Reputation: 80
I'm trying to deserialize Strings from files directly and I have a question about very long Strings: Java Strings have a character count limit equal to Integer.MAX_VALUE
, which is 31^2-1.
But here comes my question: what happens when I have a UTF-8 String with little less than that size but formed by characters with size more than 1 byte and then I ask Java to give me the byte array?

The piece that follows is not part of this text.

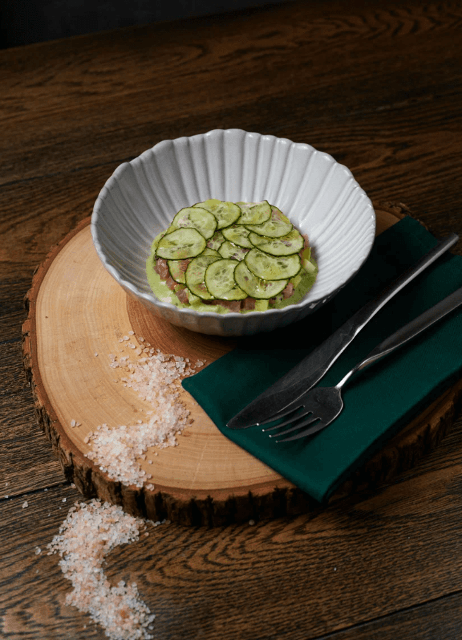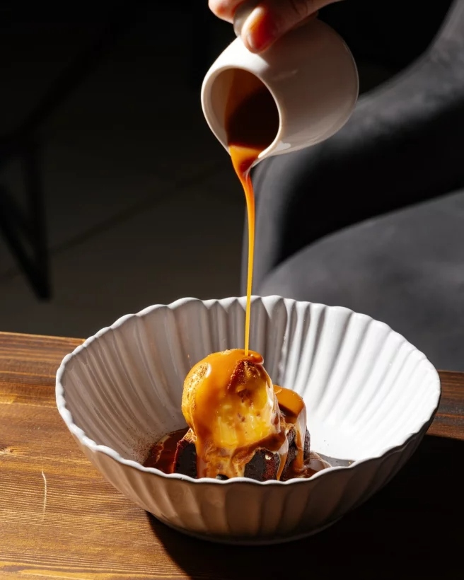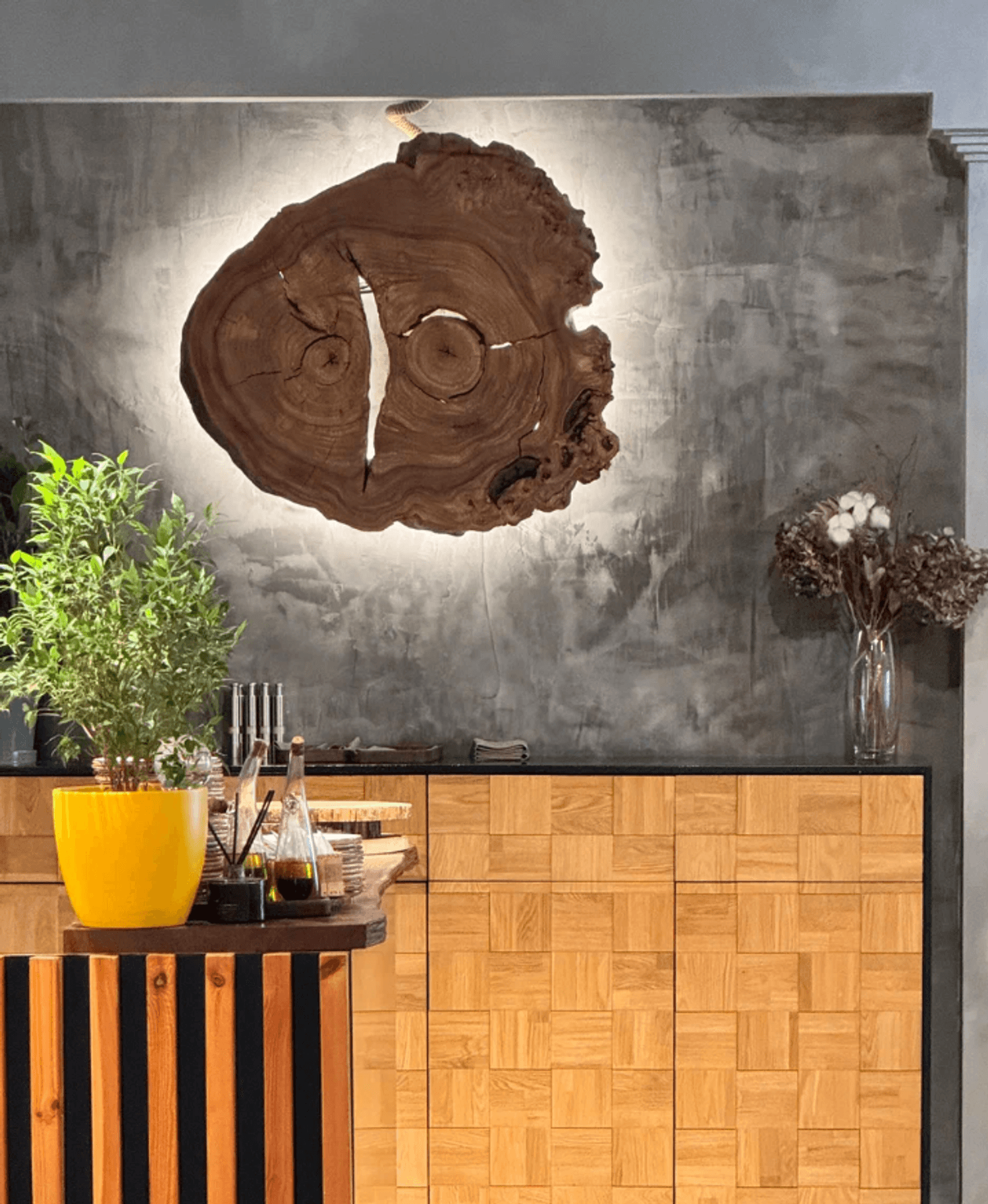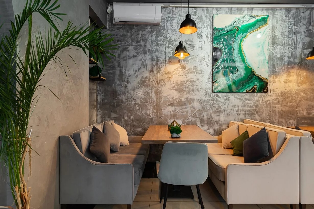 Атмосфера. Пространство сочетает современный лофт с элементами итальянской траттории: здесь высокие потолки, панорамные окна с видом на Храм Рождества на Песках и открытая кухня. Лаконичный дизайн с акцентами из натурального дерева подчеркивает концепцию единства русских ингредиентов и итальянских традиций.

To make it clearer, what happens if I could run this code? (I haven't got RAM enough):
String toPrint = "";
String string100 = "";
int max = Integer.MAX_VALUE -100;
for (int i = 0; i < 100; i += 10) {
string100 += "1234567ñ90";
}
for (int i = 0; i < max; i += 100) {
toPrint += string100;
}
System.out.println("String complete!");
byte[] byteArray = toPrint.getBytes(StandardCharsets.UTF_8);
System.out.println(byteArray.length);
System.exit(0);
Does it print "String complete!"? Or does it break before?
Upvotes: 2
Views: 2529
Reputation: 2490
Fundamentally, the limit on Strings
is that the char
arrays inside of them can't be longer than the maximum array length, which is roughly Integer.MAX_VALUE
and greater than your variable max
. Strings store their characters in UTF-16 and therefore the UTF-16 representation of a string can't exceed the maximum array length. The number of bytes in UTF-8 and the number of logical characters (Unicode code points, or UTF-32 characters) ultimately don't matter.
Now let's move to your particular example. Since each of the 10 characters in "1234567ñ90" is a single UTF-16 value, that string takes up 10 values of a String
's char
array. Despite your code's horrible performance and high memory requirement, it should eventually get to "String complete!" if there is sufficient available memory. However, it will break when converting to UTF-8 because the UTF-8 representation of the string is longer than the maximum array length, since "ñ" requires more than one byte.
Upvotes: 3
Reputation: 73568
Array size is also limited to Integer.MAX_VALUE
(which is why String
size is limited, after all there's a char[]
backing it) , so it's impossible to get the byte array if the encoding uses more bytes than that, no matter what the size of the String
is in characters.
The end result would be an OutOfMemoryError
, but creating the String
in the first place would succeed.
Upvotes: 0